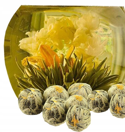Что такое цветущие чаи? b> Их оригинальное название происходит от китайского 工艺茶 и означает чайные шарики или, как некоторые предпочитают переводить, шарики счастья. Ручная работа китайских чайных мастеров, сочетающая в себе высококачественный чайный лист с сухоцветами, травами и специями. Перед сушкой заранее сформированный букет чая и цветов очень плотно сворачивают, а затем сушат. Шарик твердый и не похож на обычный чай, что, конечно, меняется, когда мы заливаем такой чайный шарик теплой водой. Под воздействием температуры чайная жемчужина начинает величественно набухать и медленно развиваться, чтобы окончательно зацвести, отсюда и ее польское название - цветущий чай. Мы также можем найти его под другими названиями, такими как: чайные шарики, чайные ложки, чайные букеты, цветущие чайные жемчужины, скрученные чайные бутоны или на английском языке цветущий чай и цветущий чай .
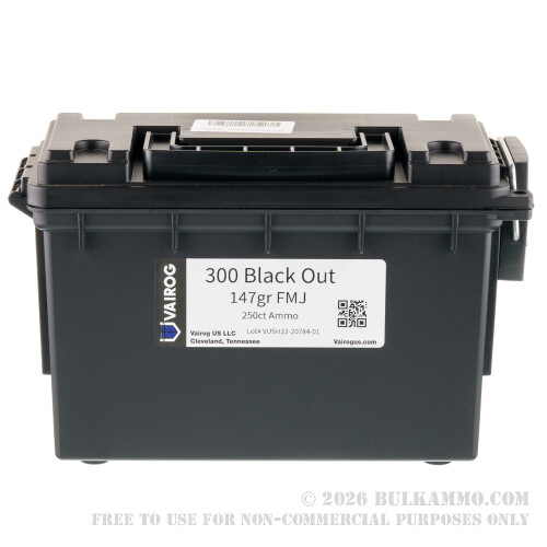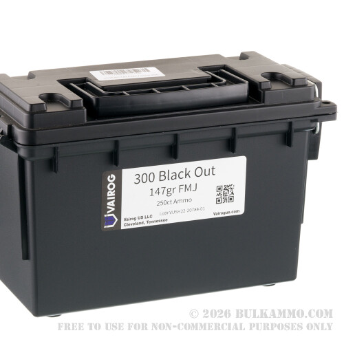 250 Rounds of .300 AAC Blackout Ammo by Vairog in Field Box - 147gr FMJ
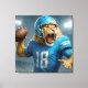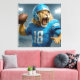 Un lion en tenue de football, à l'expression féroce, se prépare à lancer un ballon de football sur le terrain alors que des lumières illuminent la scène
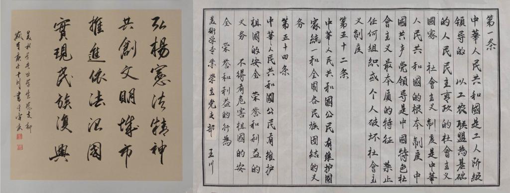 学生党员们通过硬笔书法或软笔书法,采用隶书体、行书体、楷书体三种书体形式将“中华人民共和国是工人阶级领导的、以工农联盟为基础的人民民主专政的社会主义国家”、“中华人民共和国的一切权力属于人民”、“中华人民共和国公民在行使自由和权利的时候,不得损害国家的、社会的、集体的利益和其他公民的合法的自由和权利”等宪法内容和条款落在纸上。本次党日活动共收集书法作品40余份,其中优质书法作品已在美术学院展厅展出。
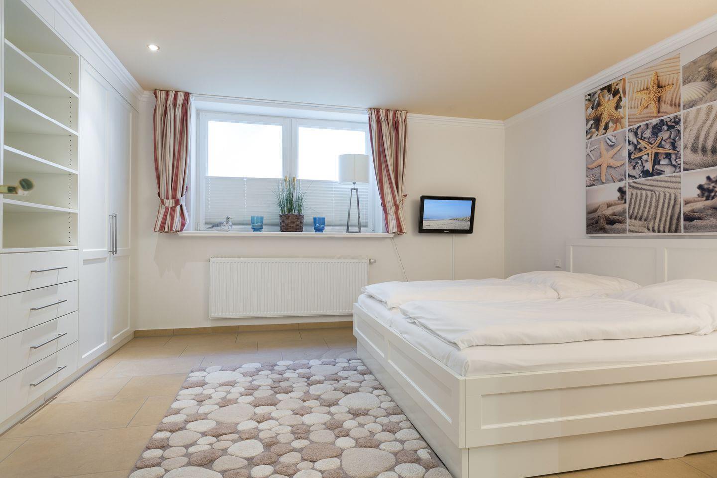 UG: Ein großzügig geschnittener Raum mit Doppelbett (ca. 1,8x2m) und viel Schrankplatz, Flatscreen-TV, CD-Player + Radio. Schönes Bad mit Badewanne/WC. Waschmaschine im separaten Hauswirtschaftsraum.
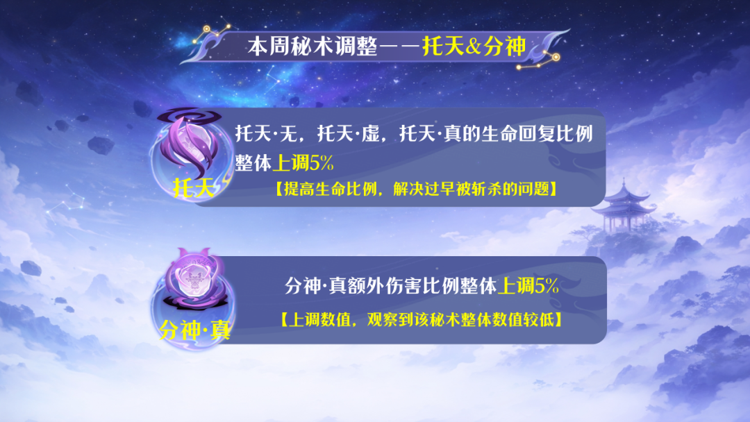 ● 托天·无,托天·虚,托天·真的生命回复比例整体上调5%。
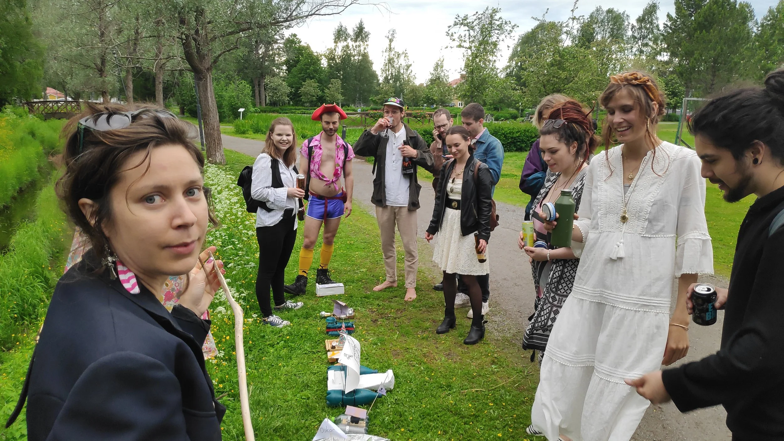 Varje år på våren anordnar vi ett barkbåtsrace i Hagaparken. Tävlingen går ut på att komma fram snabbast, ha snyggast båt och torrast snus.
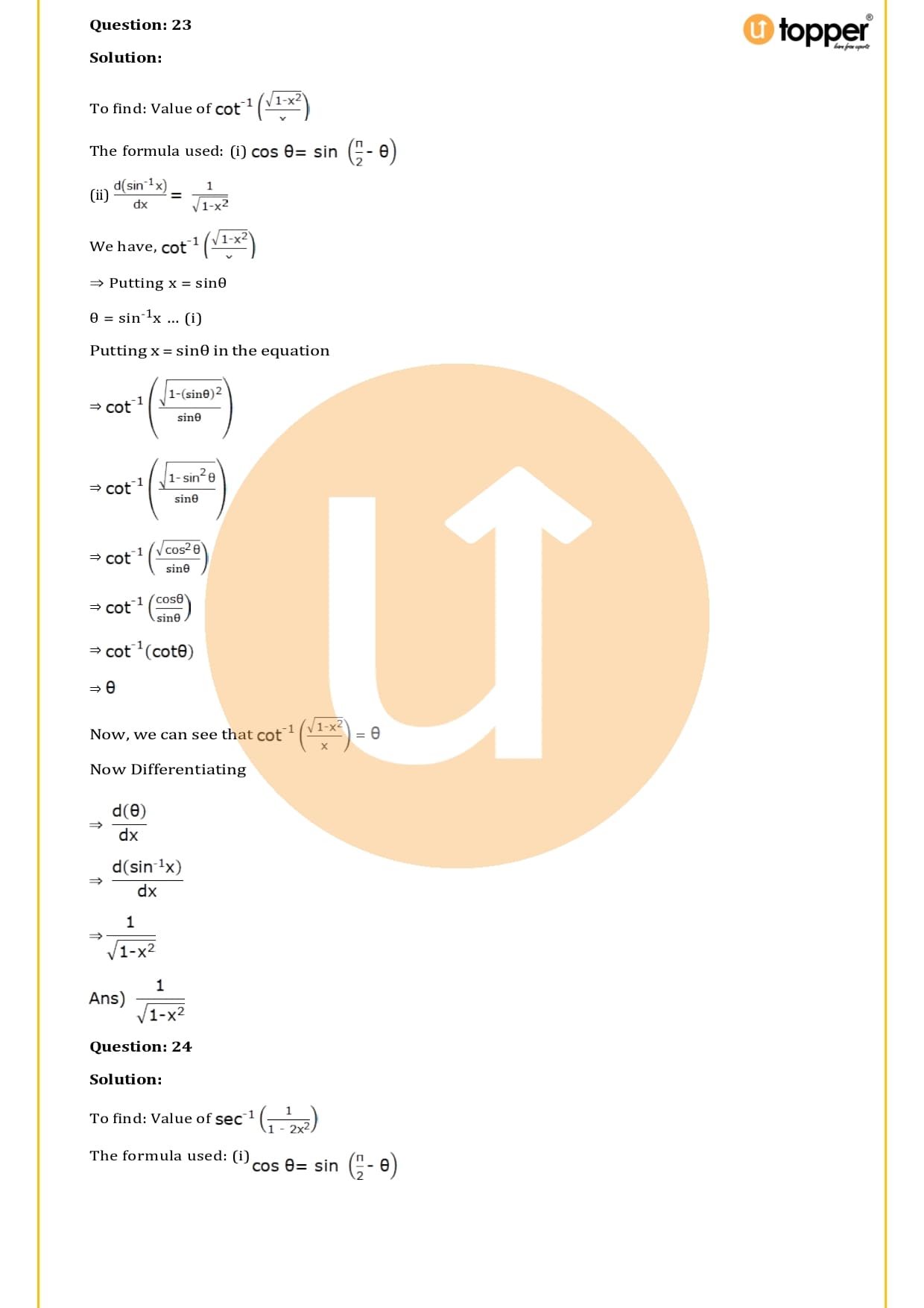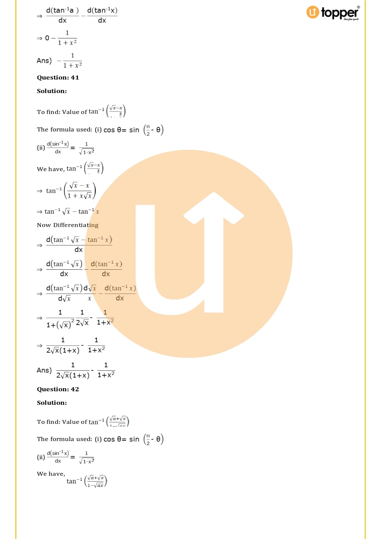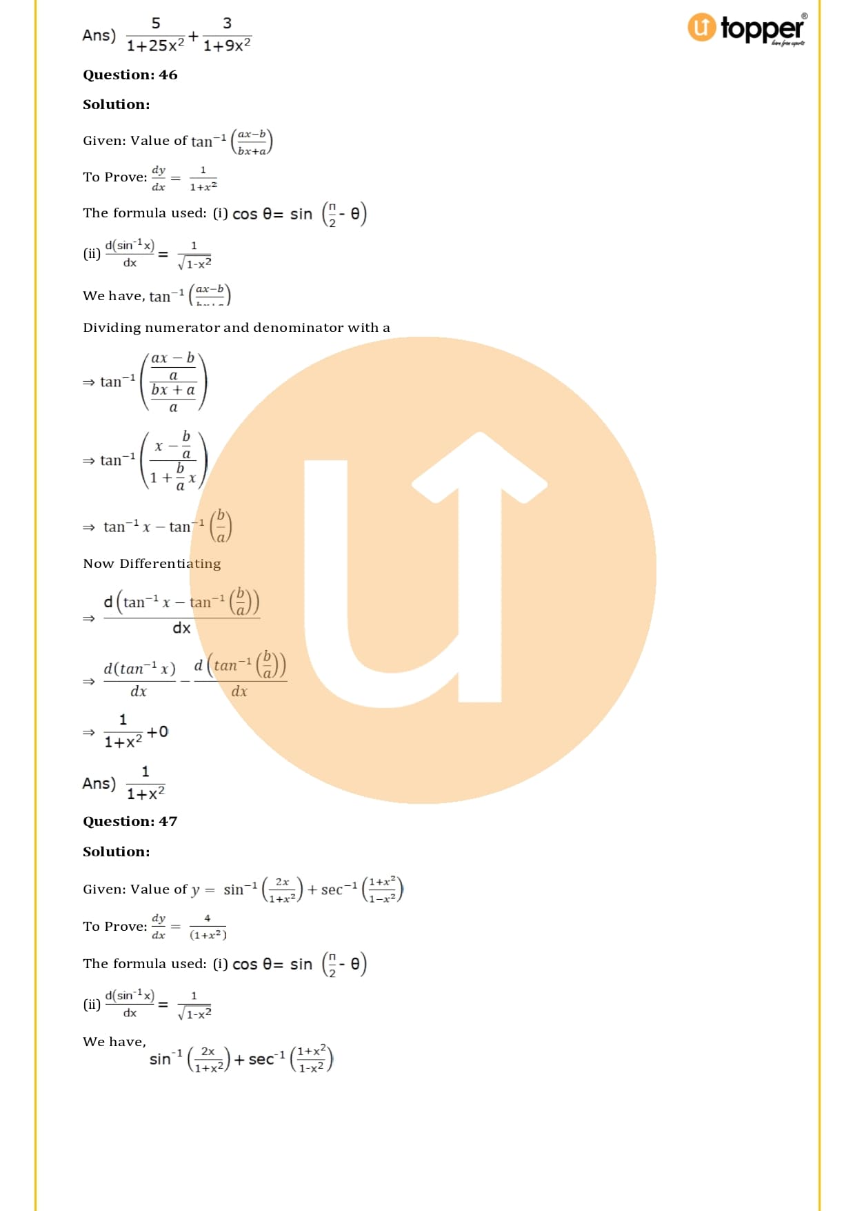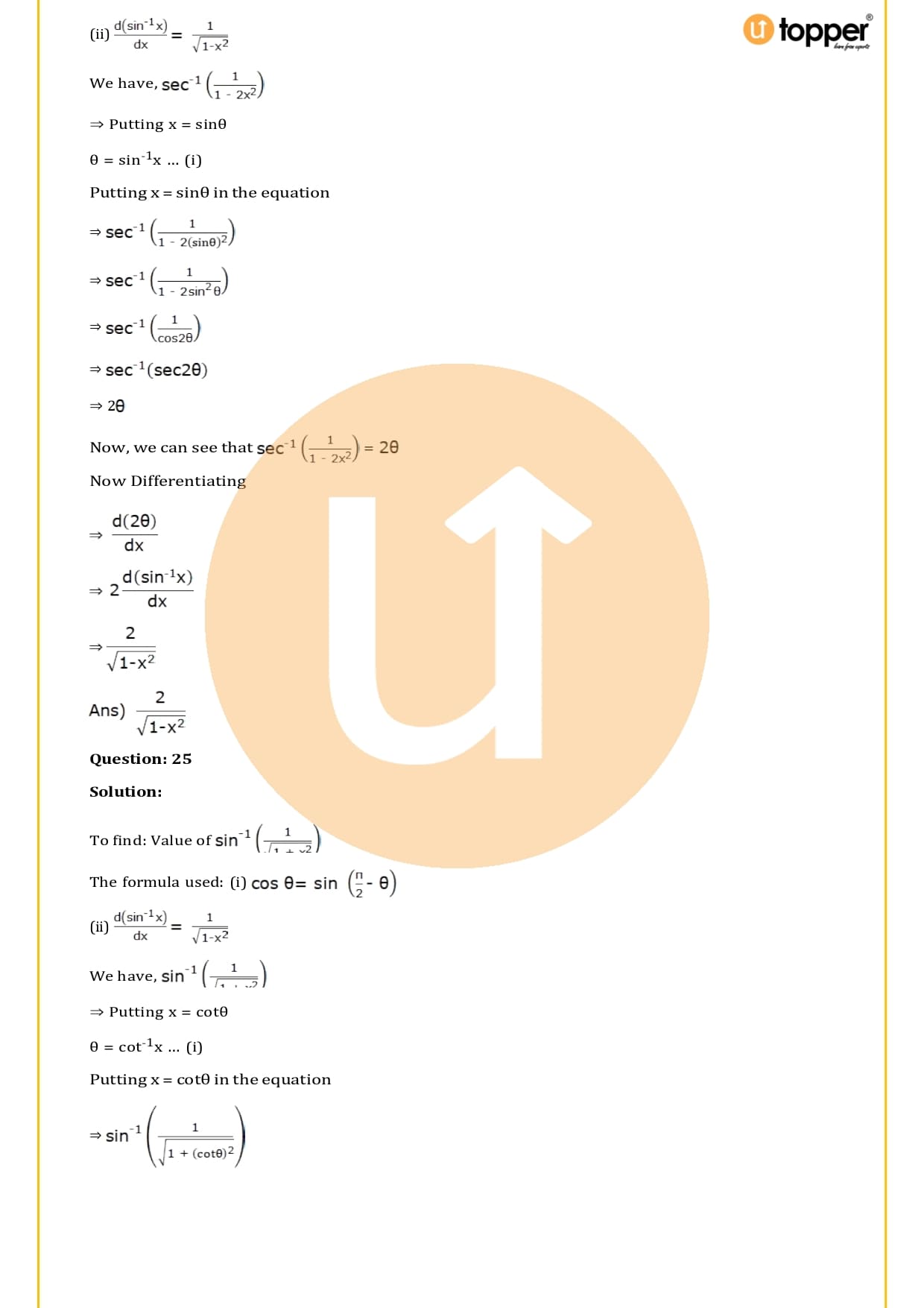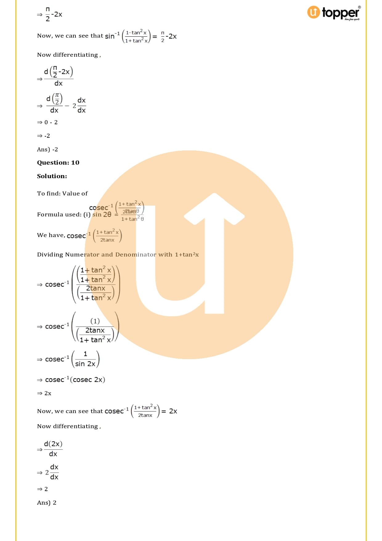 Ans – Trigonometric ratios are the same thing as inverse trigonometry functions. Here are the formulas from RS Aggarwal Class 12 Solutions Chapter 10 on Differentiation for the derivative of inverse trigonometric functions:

▶ _EXERCISE_: Nothing but the records, restated word for word and stripped of images, belongs in the answer.

▶ _SOLUTION BELOW_:
Что такое цветущие чаи? b> Их оригинальное название происходит от китайского 工艺茶 и означает чайные шарики или, как некоторые предпочитают переводить, шарики счастья. Ручная работа китайских чайных мастеров, сочетающая в себе высококачественный чайный лист с сухоцветами, травами и специями. Перед сушкой заранее сформированный букет чая и цветов очень плотно сворачивают, а затем сушат. Шарик твердый и не похож на обычный чай, что, конечно, меняется, когда мы заливаем такой чайный шарик теплой водой. Под воздействием температуры чайная жемчужина начинает величественно набухать и медленно развиваться, чтобы окончательно зацвести, отсюда и ее польское название - цветущий чай. Мы также можем найти его под другими названиями, такими как: чайные шарики, чайные ложки, чайные букеты, цветущие чайные жемчужины, скрученные чайные бутоны или на английском языке цветущий чай и цветущий чай .
 250 Rounds of .300 AAC Blackout Ammo by Vairog in Field Box - 147gr FMJ
 Un lion en tenue de football, à l'expression féroce, se prépare à lancer un ballon de football sur le terrain alors que des lumières illuminent la scène
 学生党员们通过硬笔书法或软笔书法,采用隶书体、行书体、楷书体三种书体形式将“中华人民共和国是工人阶级领导的、以工农联盟为基础的人民民主专政的社会主义国家”、“中华人民共和国的一切权力属于人民”、“中华人民共和国公民在行使自由和权利的时候,不得损害国家的、社会的、集体的利益和其他公民的合法的自由和权利”等宪法内容和条款落在纸上。本次党日活动共收集书法作品40余份,其中优质书法作品已在美术学院展厅展出。
 UG: Ein großzügig geschnittener Raum mit Doppelbett (ca. 1,8x2m) und viel Schrankplatz, Flatscreen-TV, CD-Player + Radio. Schönes Bad mit Badewanne/WC. Waschmaschine im separaten Hauswirtschaftsraum.
 ● 托天·无,托天·虚,托天·真的生命回复比例整体上调5%。
 Varje år på våren anordnar vi ett barkbåtsrace i Hagaparken. Tävlingen går ut på att komma fram snabbast, ha snyggast båt och torrast snus.
 Ans – Trigonometric ratios are the same thing as inverse trigonometry functions. Here are the formulas from RS Aggarwal Class 12 Solutions Chapter 10 on Differentiation for the derivative of inverse trigonometric functions:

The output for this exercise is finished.